I'm always fascinated to see some of the routing choices my devices make. I know that some of it is just orientation of the antenna with the antenna of one repeater versus another. But some always shock me. And I'm not talking new devices either...I'm talking devices that have been around for a while.
I can also report that 4 days after removing my Peanut plug, I no longer see bunching in my network where a couple repeaters were not used at all. For the longest time I had two repeaters that had zero devices connected to them. 4 days after pulling my peanut plug, i have a complete even distribution of devices across all the repeaters now. And things are working much faster. Is that just coincidence or do the peanuts have something to do with it? Well, the only way to know for use would be to add them back in but I've got enough evidence for me to conclude that they were the culprit. Anyways, they will no longer be on my recommended device list.
Interesting. In my case it was annoying that sometimes the button quickly triggered the lock with almost no perceptible delay; other times it seemed to take noticeably longer. It will be interesting to see if eliminating one possible routing choice fixes this problem (or will it somehow find another roundabout path).

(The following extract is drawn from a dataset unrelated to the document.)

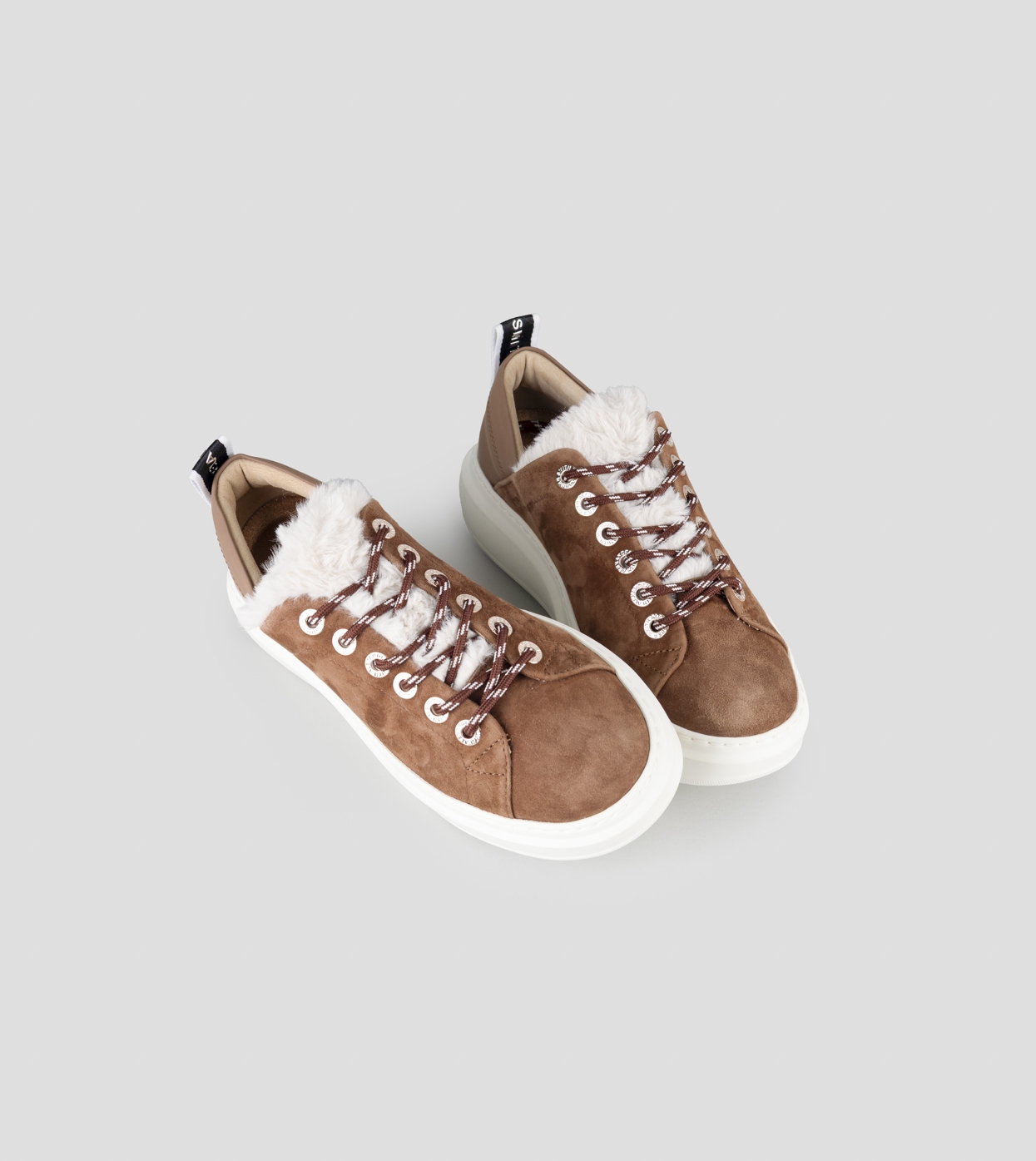 Wembley Donna in suede marrone e fodera in eco-pelliccia bianca

The routing algorithm should be able to choose the 'best' path by adding the costs of each link so multi-hop routes would not be the preference; hopefully it actually works that way in practice.
Another revelation (actually this should not have been a surprise; it was just interesting to see it in action from the sniffer trace) was the finite time it takes the Zigbee lock to poll its parent router for unlock/lock requests. There's no getting around that.
I've had good service from the half dozen or so that I use (I just have buttons and the cube). They have a nice appearance and satisfying click; pretty good range as well (double edged sword, that, if you aren't familiar with their special needs). In the year or so that I've used them, I have had to re-join them a few times, though not in the last several months now that I have a couple of compatible routers for them. Before that I had to make sure they would choose the hub as their parent when joining by powering down basically every repeater in my house. And that limited where I could use them... a pain for sure. I can see how they would frustrate anyone that wasn't aware of their special needs, parent-wise.
Exactly. Now a days a lot of stuff has dropped in price. The xiaomi is pretty much in the same ballpark.
Back in the day when they got really popular it was because of the price. That was a few years ago though.
I just tell people to get proper devices now and save the headache. I have about 80 of these xiaomi devices running nicely. Took me a while though to figure it all out.